Earlier this month some surprising results new research was presented at a conference. At the Virtual European Congress of Psychiatry, Elena Toffol and her team from the University of Helsinki in Finland reported that they had found that the number of suicide attempts was lower in women who used hormone contraception compared to those who did not. In fact, the latter group was nearly 40 percent more likely to attempt suicide than the former, they reported.
These results (which have not yet been peer-reviewed) may be the opposite of what you have heard – or experienced: Does hormonal contraception not have a reputation for exacerbating mental illness? Your confusion would be forgiven. Maybe you remind of headlines from 2017, where one Danish study found that hormonal contraception was associated with one increase in suicide attempts.
This gigantic contradiction is just one of many in years of research that have attempted to answer the question of whether hormonal contraception causes psychological side effects – and the jury is still out. In September 2016 New York Times published one Article with the heading “Contraceptives linked to the risk of depression.” Six months later, the same publication came out with a piece the headline “Birth control causes depression? Not so fast.”
Oral contraceptives, which first came on the market more than 60 years ago, are astonishingly popular. Over 100 million women worldwide are estimated to be current users. The pill, as the medicine is known, comes in two forms: a version with only progesterone and a combined estrogen and progesterone version. Both contain synthetic hormones designed to stop or reduce ovulation – the release of the egg from the ovary.
But the decision to use hormonal contraception is not always borne out of a desire to remain pregnant. The name is rather a misleading designation; a more appropriate term would be “hormone medication, often used as contraception.” Hormonal contraception is prescribed for a veritable smear table of conditions including migraine, cystic acne, chronic menstrual pain, polycystic ovary syndrome (PCOS) and endometriosis.

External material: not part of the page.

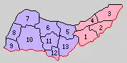 Colored areas are in this district.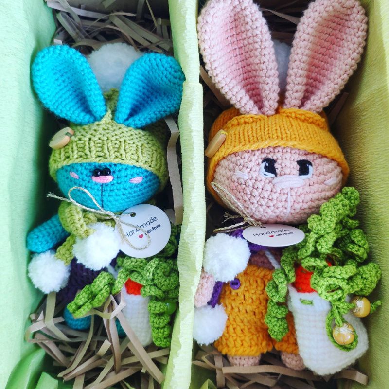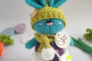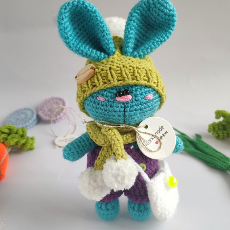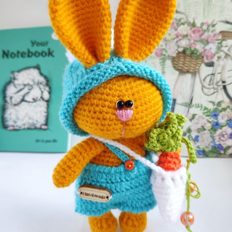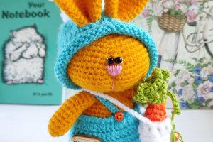Зайчик для примера выполнен из акриловый пряжи,но повтор только из полухлопка и хлопка, эта пряжа не ворсится.

Fears of the pill’s psychological side effects fall into a growing trend that has emerged in recent years: a widespread distrust of hormonal contraception and vigilance over its disadvantages, now that the satisfaction of hard-fought victories for women’s self-determination has disappeared. ONE shower of books questions about how hormonal contraception negatively affects its users have been published in the last decade. Coming out as the biggest concern are mood swings, which are reported to be reason number one women choose to go from birth control pills.
But we do not yet have a clear answer as to whether the connection between birth control pills and mood is real. The biggest problem is that most studies to date have been cross-sections in design, meaning they involve taking a group of women using the pill and comparing them to a group not using it. “It does not take into account that women who tried the pill and had negative moods or negative effects on sexuality would get out of it,” says Cynthia Graham, professor of sexual and reproductive health at the University of Southampton and editor-in-chief of Journal of Sex Research. “For me, that’s a big reason why it’s hard to answer the question.” This is called survival bias or healthy user bias.